Tramp Royale
- First edition
- Author: Robert A. Heinlein
- Cover artist: Kirk Reinert
- Language: English
- Subject: Travel
- Publisher: Ace Books
- Publication date: 1992
- Publication place: United States
- Media type: Print (hardback & paperback)
- ISBN: 978-0-441-82184-6

= Tramp Royale =

1992 nonfiction travelogue by Robert A. Heinlein

Tramp Royale is a nonfiction travelogue by science fiction writer Robert A. Heinlein, describing how he and his wife, Ginny, went around the world by ship and plane between 1953 and 1954. It was published posthumously in 1992, and subsequently went out of print.

Much of the book is devoted to social and political commentary and observation, including two lengthy but half-hearted defenses of the McCarthy hearings, about which the Heinleins were interrogated repeatedly in the countries they visited.

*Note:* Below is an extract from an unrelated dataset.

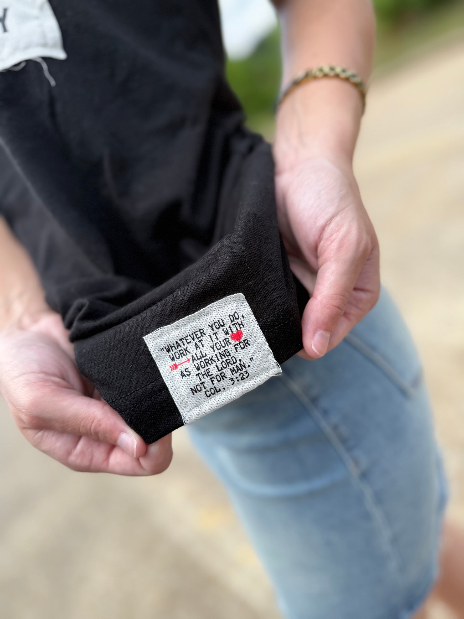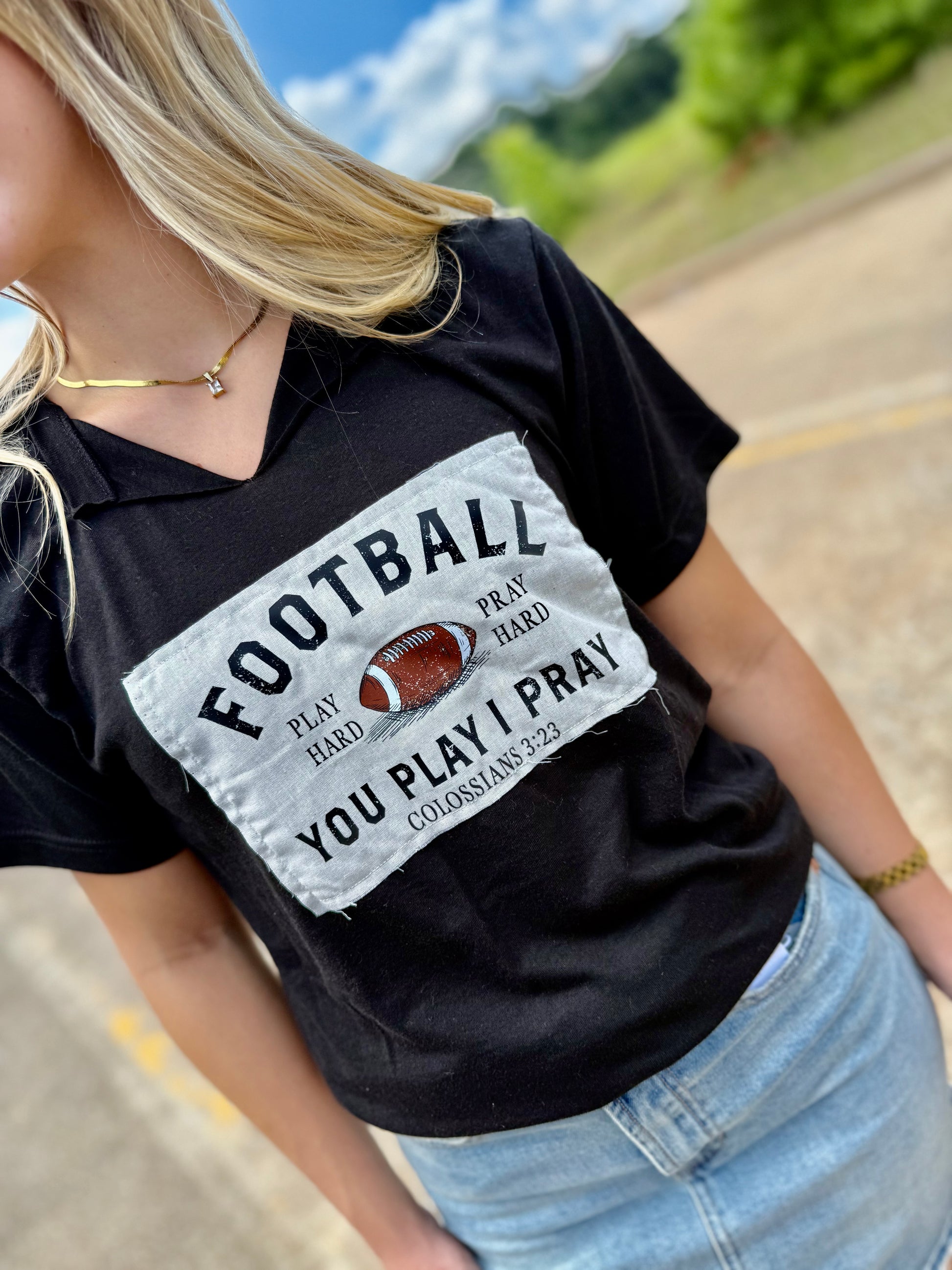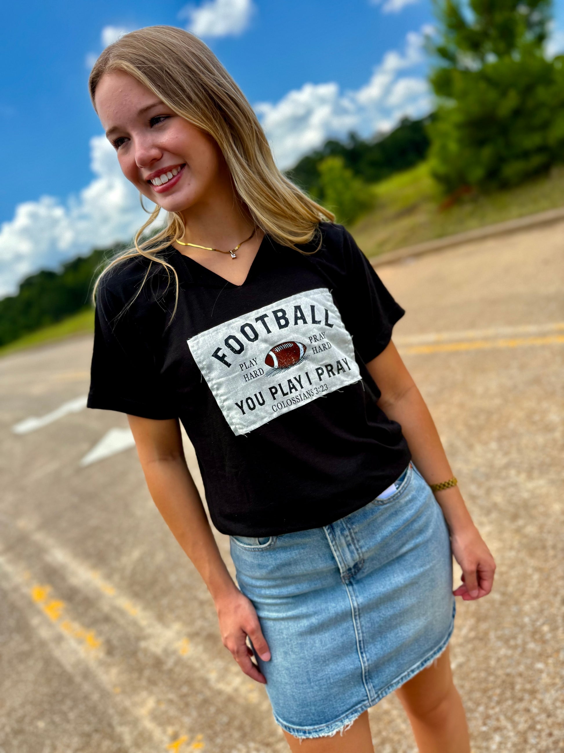 Our popular hand-made patch v-neck is a fan favorite! Your sports moms are sure to stand out in these unique tops! They are an oversized soft tee that makes them cool for all those hot games!
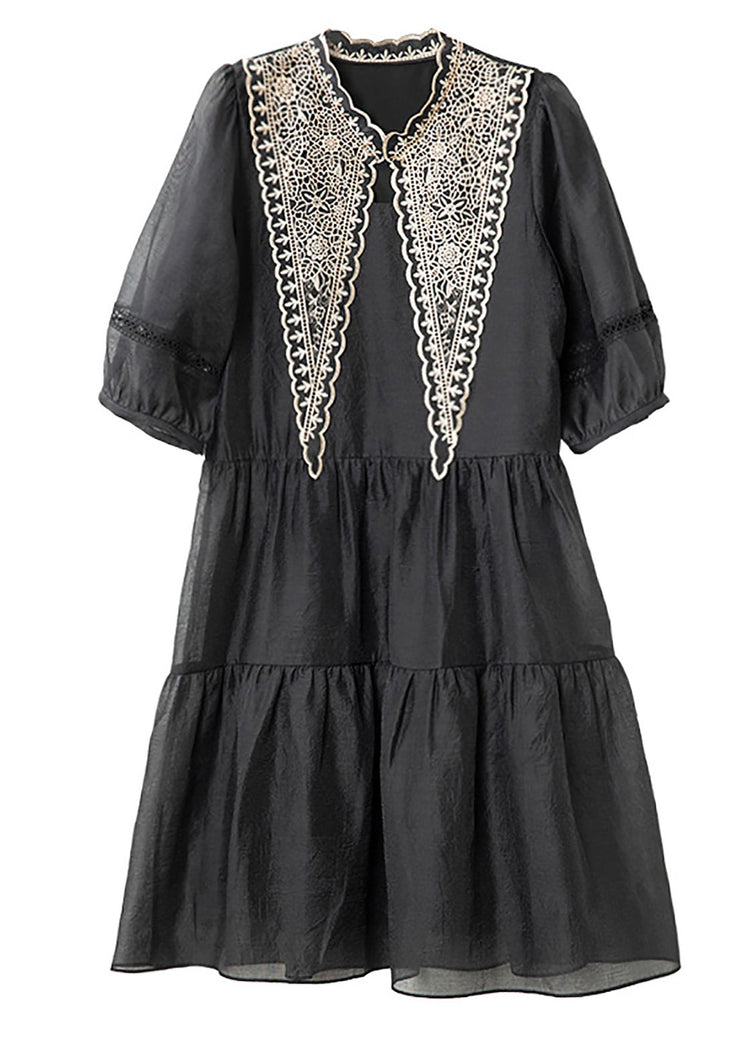 Women Black Patchwork Cotton Mid Dress Puff Sleeve

Although Heinlein has been adopted as somewhat of a posterboy by the libertarian movement, the political commentary reveals that Heinlein was far from being a doctrinaire adherent of any particular political philosophy. For example, he compares the social welfare state of New Zealand unfavorably to that of Uruguay and says that he cannot explain why the one was so much more successful than the other.

Heinlein devoted an entire chapter to his (almost) visit to Tristan da Cunha, arguably the most remote human settlement on Earth. He described the islands as being so far from the rest of human civilization that the next closest human settlement, St. Helena, "[is] itself so remote that it was picked as a safe prison for Napoleon Bonaparte after he crushed his way out of Elba". Tristan da Cunha is 2430 km from St. Helena.

This trip, along with Heinlein's experiences as a naval officer, appears to have provided a great deal of the background material for some of Heinlein's science fiction novels, such as passenger liners used in Podkayne of Mars (in space) and in Job: A Comedy of Justice (on the oceans). Much of the humor in the book consists of riffs on the idea that Ginny is the hothead, while Robert is the easygoing one. For example, in a shipboard incident at the captain's table, Robert continues eating his dessert after being doused in salad during a food fight started by Ginny.